Зато я знал одно. Я уже прожил эти дни плохо — и второй раз так же не проживу.
Глава 17. Правила
Из дому я вышел позже обычного — и вовсе не потому, что проспал. Проспать после смерти трудно: тело вроде целое, а внутри всё равно кто-то сидит у края кровати и ждёт, что снова перестанет хватать воздуха. Я задержался нарочно: застегнул Мирин оберег у неё под воротом ещё раз, хотя шнурок и так держал. Пересчитал медяки на хлеб, ошибся на одну, пересчитал заново. Выслушал от Миры, что богатые люди так долго деньги не считают, поэтому мы точно не богатые.
— Дверь запри, — сказал я ей у порога.
— Сам запри.
— Мне наверх.
— А мне жить в доме, который ты заперёшь не с той стороны?
Спор был старый, домашний, бессмысленный.
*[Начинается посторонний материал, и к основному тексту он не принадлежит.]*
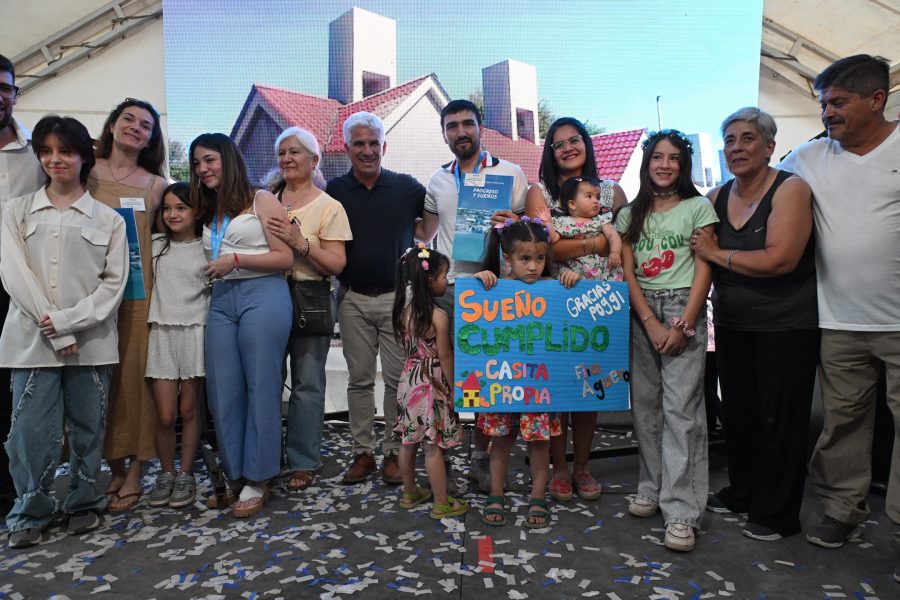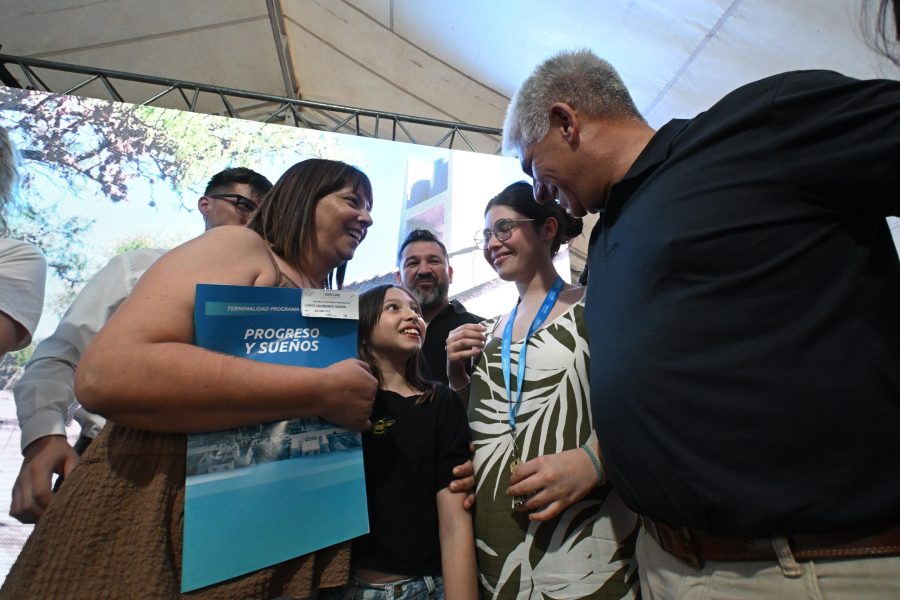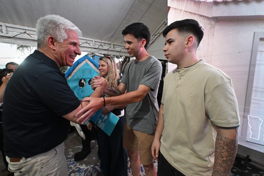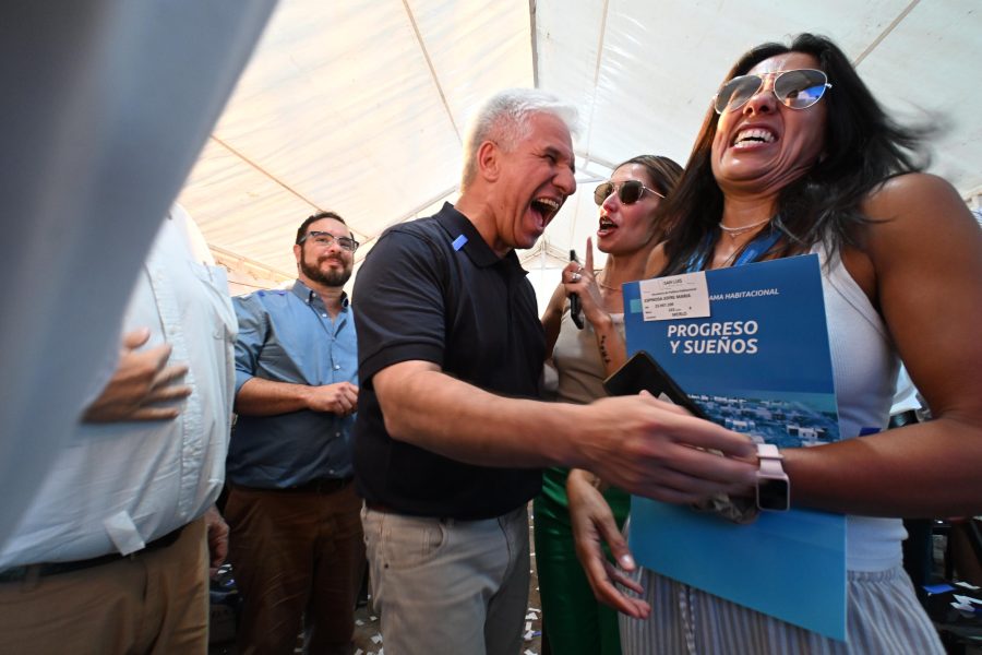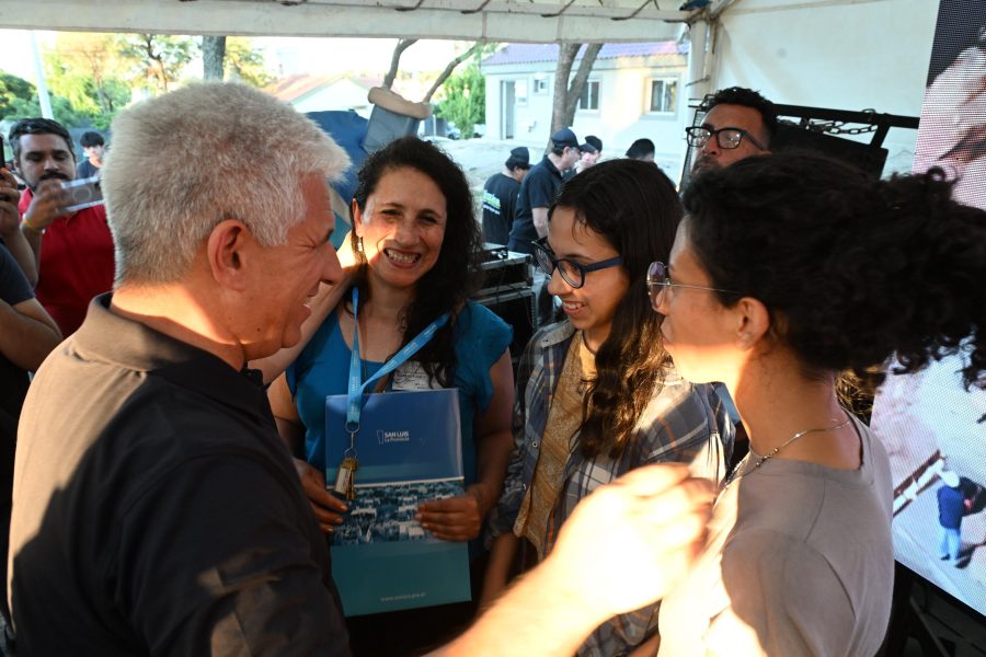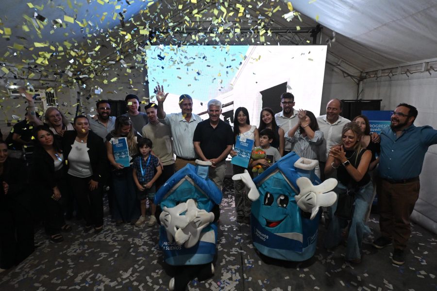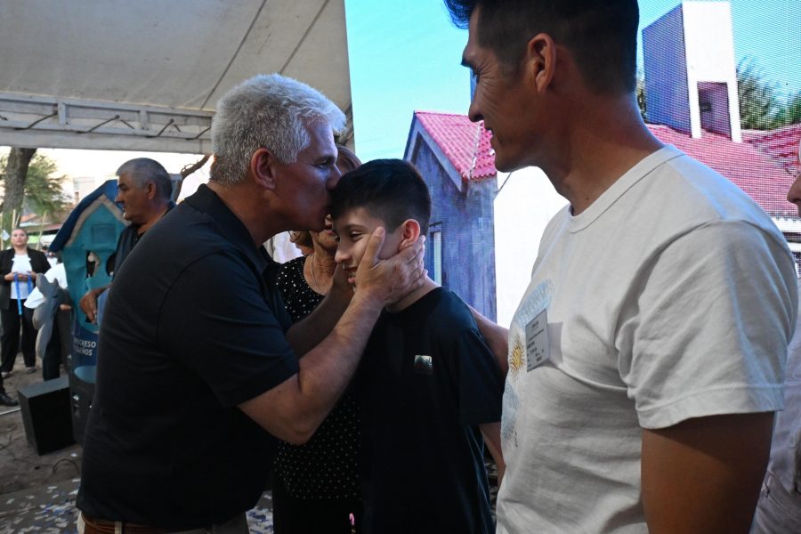 El gobernador Claudio Poggi entregó las llaves de las hogares a familias pertenecientes a los planes ‘Progreso’ y ‘Sueños’. La algarabía iluminó la noche merlina en la que se cumplió el sueño de la casa propia.

В прошлый раз я уже в этом месте думал о светочах, о Делне и о том, как бы не опоздать. Теперь стоял на крыльце, держал ладонь на косяке и слушал, как снизу Бричен ругается с верёвкой, как тележка молочника гремит на выбоине, как Мира сопит от возмущения, что её опять пытаются сделать маленькой.
— Ладно, — сказал я. — Запирай ты.
Она подозрительно прищурилась и протянула:
— Ты сегодня уступаешь. Это хуже болезни.
— Я расту как человек.
— Поздно начал.
Она захлопнула дверь у меня перед носом, тут же открыла на щёлку и показала язык. Я помахал ей. Она фыркнула, но засов всё-таки двинула. Серебро оберега на миг блеснуло у неё под воротом, и меня так резко потянуло вернуться, что я почти сделал шаг назад.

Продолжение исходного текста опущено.